How to manage dysfunctional relationships at work
While many leaders believe relationships are important, few can tell you much about the patterns of interaction that define how their most important relationships work or fail to work, according to Diana McLain Smith in her book The Elephant in the Room: How Relationships Make or Break the Success of Leaders and Organizations. Relationships between people in organisations have predictable patterns which can be analysed and altered.
The book goes on to analyse why some relationships grow stronger over the course of time and why some grow weaker. By taking a relational perspective and reflecting and reframing, leaders are able to overcome differences and strengthen working relationships. Through observing and analysing patterns of interactions it is possible to transform the underlying structure of a relationship. The author provides tools and techniques for doing this.

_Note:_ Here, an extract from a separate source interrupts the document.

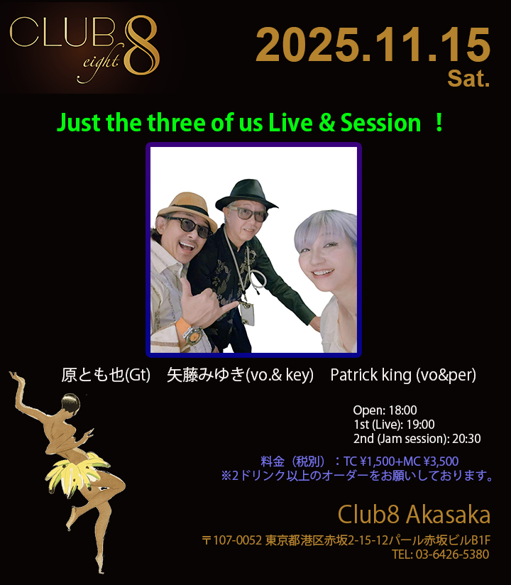 11/15(土)【Just the three of us Live & Session!】 Just the Three of Us: Patrick King(Vo& per)矢藤みゆき(Vo& […] |

Much of the book is taken up in describing particular relationships in detail. Chapters 1 and 2 chronicle and interpret the breakdown in the relationship between Steve Jobs and John Sculley leading to Steve being fired from Apple. I must admit that I found these chapters somewhat uncomfortable reading, partly because I do not enjoy reliving the minutiae of a dispute, and partly because it seems presumptive to pronounce judgment on supposed personal interactions based purely on information gleaned from secondary sources.
Nonetheless, the book provides useful advice about ways of managing interpersonal relationships that are not going well. Most organisational leaders develop ways of coping with dysfunctional inter-personal relationships, but this book suggests techniques which are likely to provide a higher level of success. I recommend the book as a challenging but worthwhile read.